D) Reduction for income from artistic activities obtained exceptionally

Regulations: Sixtieth Additional Provision of the Law IRPFABBR

From January 1, 2025, a 30 percent reduction can be applied to returns whole of work obtained exceptionally when each and every one of the following requirements is met: 

  • That the reduction provided for in article 18.2 of the Law does not apply to them IRPFABBR.

  • That derive from the elaboration of literary, artistic or scientific works referred to in article 17.2.d) of the Personal Income Tax Law, or from the special employment relationship of artists who carry out their activity in the performing, audiovisual and musical arts, as well as of persons who carry out technical or auxiliary activities necessary for the development of their activity.

  • That exceed 130 percent of the average amount of income of this nature imputed in the three previous tax periods.

Once the aforementioned requirements have been met, 30 percent of the aforementioned excess will be reduced.

The amount of the full income to which this 30 percent reduction will be applied It cannot exceed the amount of 150,000 euros per year.

Example

Mrs. POR She works as an employee at a large science communication platform. He has an employment contract as a screenwriter.

In 2025, the platform launches a science documentary series that becomes a huge commercial success and Ms. POR He therefore earns a gross income of 350,000 euros.

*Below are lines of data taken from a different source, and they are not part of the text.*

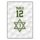 Carte de numéro de table de la réception Bar Mitzvah sur le thème du golf avec un arrière - plan de golf et des accents d'herbe verte. Cette carte de numéro de table de la réception Bar Mitzvah de golf est élégante et moderne. Cette carte de numéro de table Bar Mitzvah sur le thème du golf dispose d'un subtil arrière - plan de golfball avec une étoile juive de David et une icône de golf. Les couleurs de cet élégant design de Bar Mitzvah sur le thème du golf sont blanches et vertes. Si vous envisagez d'héberger un Bar Mitzvah sur le thème du golf sportif, cette élégante carte de numéro de table Bar Mitzvah sur le thème du golf est peut-être le choix parfait.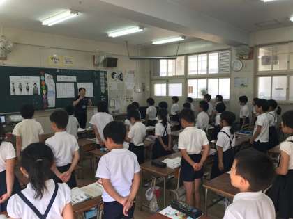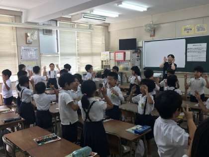 正しい姿勢でしっかり音の高さをたしかめながら、のびのびとした歌声が教室いっぱいに広がっていました。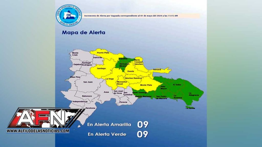 Mientras que en alerta verde están el Distrito Nacional, Santo Domingo, Hermanas Mirabal, Espaillat, El Seibo, La Romana, La Altagracia, San Pedro de Macorís y Hato Mayor.

Ms. POR's gross wages in recent years were:

2022: 125,000 euros

2023: 135,000 euros.

2024: 100,000 euros.

Determine if Mrs. POR You can apply the new reduction for income from artistic activities obtained exceptionally in 2025.

Solution:

The 30 percent reduction applies to the excess obtained in 2025 with respect to the average of the income that would have been attributed to him in the three previous tax periods up to a maximum of 150,000 euros. Therefore:

  • Average of imputed income in the three previous tax periods: (125,000 + 135,000 + 100,000) / 3 = 120,000.

  • 130% of the average of the previous income is: 130% * 120,000 = 156,000 euros.

  • Surplus obtained in 2025: 350,000 – 156,000 = 194,000 euros.

In this case, since 194,000 euros exceeds 150,000 euros, the 150,000 euro limit applies. Therefore, Ms. POR will reduce her total employment income by 30% of 150,000 euros = 45,000 euros.